Go: The Language That Gets Out of Your Way

We went with Go because we needed something we could trust not to surprise us at 2 AM. It's simple, it compiles to a single binary, and the compiler catches mistakes before they become incidents. The concurrency model doesn't hurt either.

Our entire application runs from a single main.go entry point:

go run main.go server   # HTTP server
go run main.go worker   # Background job processors
go run main.go cron     # Scheduled tasks
go run main.go run-all  # Everything together

One binary. One deployment artifact. We cannot tell you how many times this simplicity has saved us. When something goes wrong at midnight, we're not debugging which of twelve services is misbehaving. We're looking at one process, one set of logs, one thing to restart.

The CLI is built with Kong, which gives us a clean command structure without framework overhead. Server, workers, crons, migrations, seeders - all subcommands of the same binary, sharing the same initialization pipeline. It's the kind of boring that makes you grateful during an incident.

PostgreSQL: The Database That Does Everything

We use PostgreSQL for everything - and we mean everything:

Transactional data: Orders, inventory, clients, vendors
Critical Logs: API responses, requests, audits
Job tracking: Execution history, cron metrics, import/export status
Vector embeddings: Product matching via pgvector (yes, PostgreSQL does AI too)

We run primary + read replica for write/read splitting. Not at the query level - at the connection level. Write queries go to the primary. Read queries go to the replica. The repository layer decides which connection to use, keeping it dead simple.

We know this sounds like we're putting all our eggs in one basket. And we are. But it's a really, really good basket. Postgres has been around for decades, has incredible tooling, and handles every workload we've thrown at it. Every time we've been tempted to add another database to the mix, Postgres already had a feature for it.

Why Squirrel Over an ORM

Early on, we considered GORM. It would've been faster to get started. But we'd been burned by ORM magic before - the kind where everything works beautifully until you hit scale, and then you're staring at a query plan that makes no sense because the ORM decided to do six JOINs behind your back.

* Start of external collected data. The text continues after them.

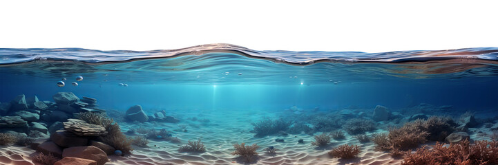 calm underwater view of turquoise water reflecting sunlight over light beige sand in paradise nature seascape landscape wallpaper background
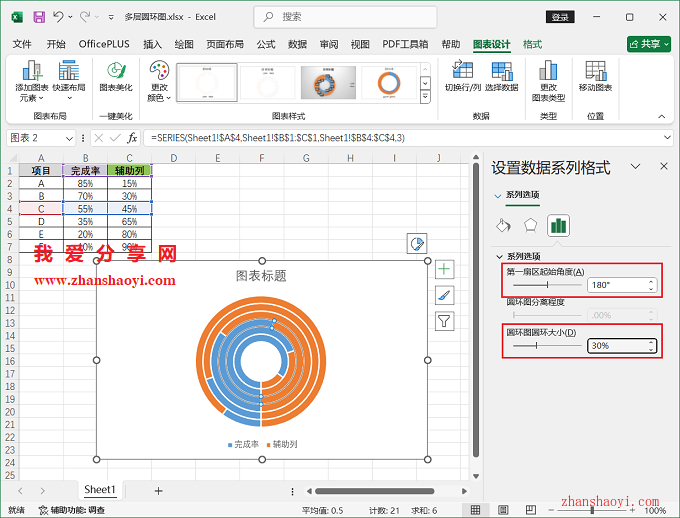 8、第一扇区起始角度调整为180°;圆环图圆环大小设置为30%;
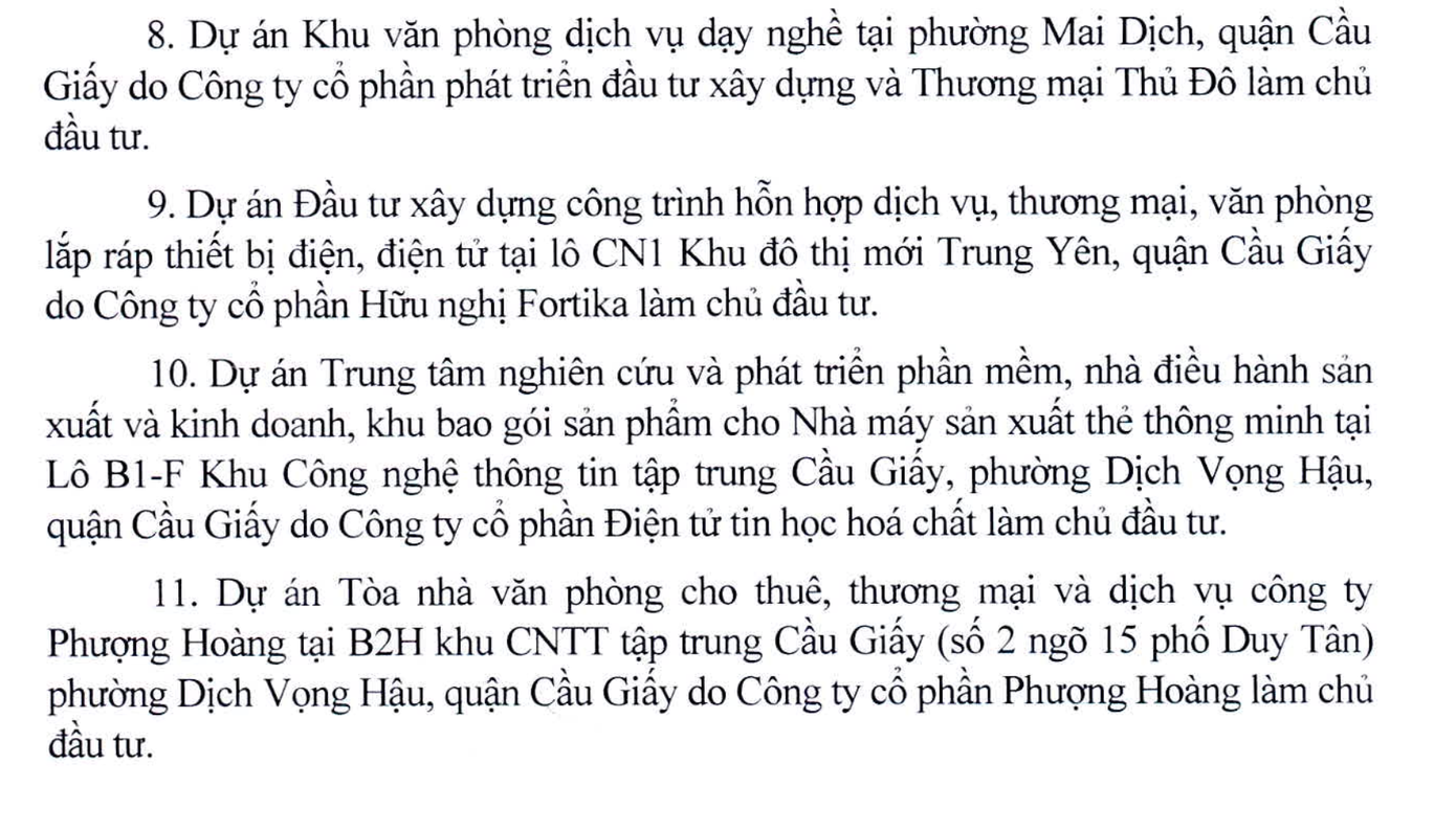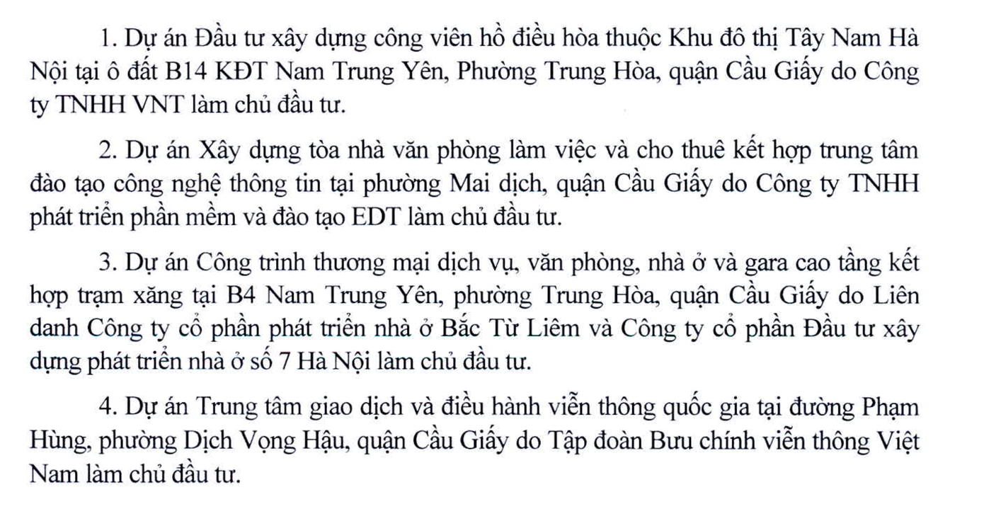 Đối với 3 dự án còn lại là Dự án Xây dựng Toà nhà hỗn hợp văn phòng, dịch vụ và nhà ở để bán Skyline tại số 5 Lạc Long Quân, phường Nghĩa đô do Công ty khảo sát xây dựng USCO làm chủ đầu tư; Dự án Trung tâm đào tạo, bồi dưỡng cán bộ, văn phòng và nhà công vụ tại ô đất A/D18, KĐT mới Cầu Giấy, phường Dịch Vọng do Ngân hàng phát triển Việt Nam làm chủ đầu tư; Dự án Tháp tài chính quốc tế - IFT tại số 220 Trần Duy Hưng, phường Trung Hoà do Tổng Công ty Bảo Việt Nhân thọ - thuộc Tập đoàn Bảo Việt làm chủ đầu tư. Chủ tịch UBND TP Hà Nội cho biết, đây là các cơ quan thuộc thẩm quyền sắp xếp cơ sở nhà đất của Bộ Tài chính. Giao Sở Tài chính phối hợp, liên hệ với cơ quan chuyên môn của Bộ tài chính về phương án sắp xếp, xử lý tài sản công, thông tin gửi Sở TNMT trước ngày 15/7/2023.
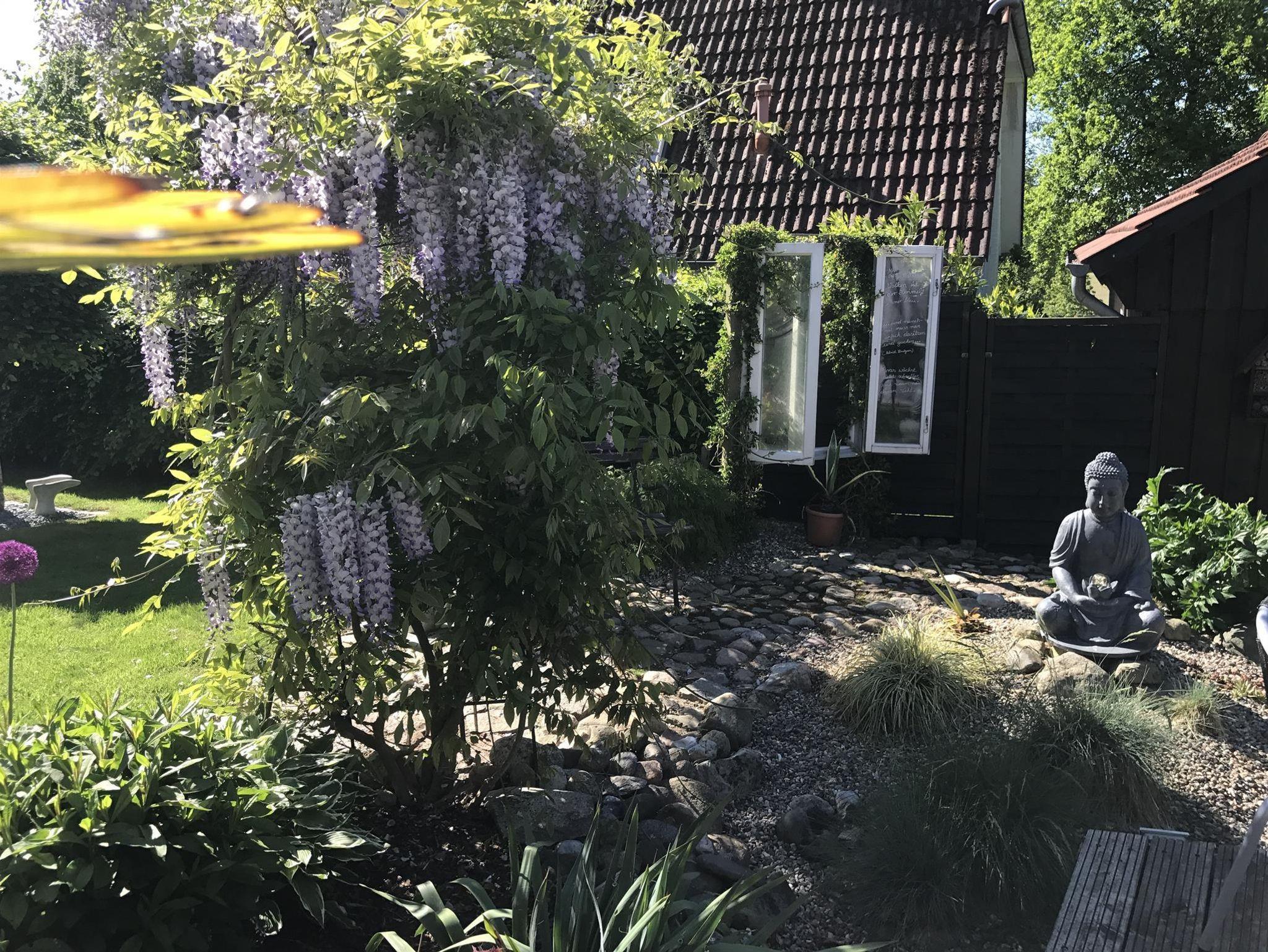 Haus mit Garten, Gästeterasse vorhanden. KFZ Stellplatz vor dem Haus. Ferienwohnungen liegen im 1.Stock. Garten mit Steingärten angelegt. Gästeterasse mit Strandkorb. Grill und Liegemöglichkeiten vorhanden. Seperater Eingang. Haus liegt in einer ruhigen Seitenstraße mit Hanglage.

So we went with Squirrel, a SQL query builder for Go. Here's what a real query looks like:

query, args, err := squirrel.
    Select("id", "product_id", "denomination", "status").
    From("inventories").
    Where(squirrel.Eq{"product_id": productID}).
    Where("deleted_at IS NULL").
    Where("status = 'active'").
    Limit(50).
    ToSql()

It's just SQL - with type-safe parameter binding and no string concatenation. You can read it. You can debug it. You can copy it into psql and run it directly. And when we're at our desks at 11 PM trying to figure out why a query is slow, we can see exactly what's hitting the database. No N+1 surprises. No lazy loading foot-guns. No SELECT * hidden behind a method call.

This decision has saved us more debugging hours than we can count.

Migrations: Explicit, Reversible, Predictable

Every schema change is a Goose migration file with explicit Up and Down sections:

-- +goose Up
CREATE TABLE inventories (
    id BIGSERIAL PRIMARY KEY,
    product_id BIGINT NOT NULL REFERENCES products(id),
    denomination DECIMAL(12,2) NOT NULL,
    status VARCHAR(20) DEFAULT 'active',
    deleted_at TIMESTAMP,
    created_at TIMESTAMP DEFAULT NOW()
);
CREATE INDEX idx_inventories_product ON inventories(product_id)
    WHERE deleted_at IS NULL;

-- +goose Down
DROP TABLE IF EXISTS inventories;

Every index is intentional. Every column type is chosen. Every migration is reviewed before it touches the database.

We've had to roll back a migration at 1 AM exactly once. It took thirty seconds and worked perfectly. That one moment justified every minute we'd spent writing Down sections we thought we'd never use.

Valkey: The Cache That Thinks in Data Structures

We use Valkey (the open-source Redis fork) not just as a key-value cache - we use it as a data structure server. Sorted sets, hash maps, atomic operations - Valkey gives us data structures with sub-millisecond access times, and we lean on them heavily for the hot paths in our system.

The result: our p99 allocation latency sits under 5ms. We remember the day we first hit that number. We sat there refreshing the Grafana dashboard, watching the latency line flatline, thinking "there's no way this actually works." But it did. And it kept working. Boring technology, used correctly, is a beautiful thing.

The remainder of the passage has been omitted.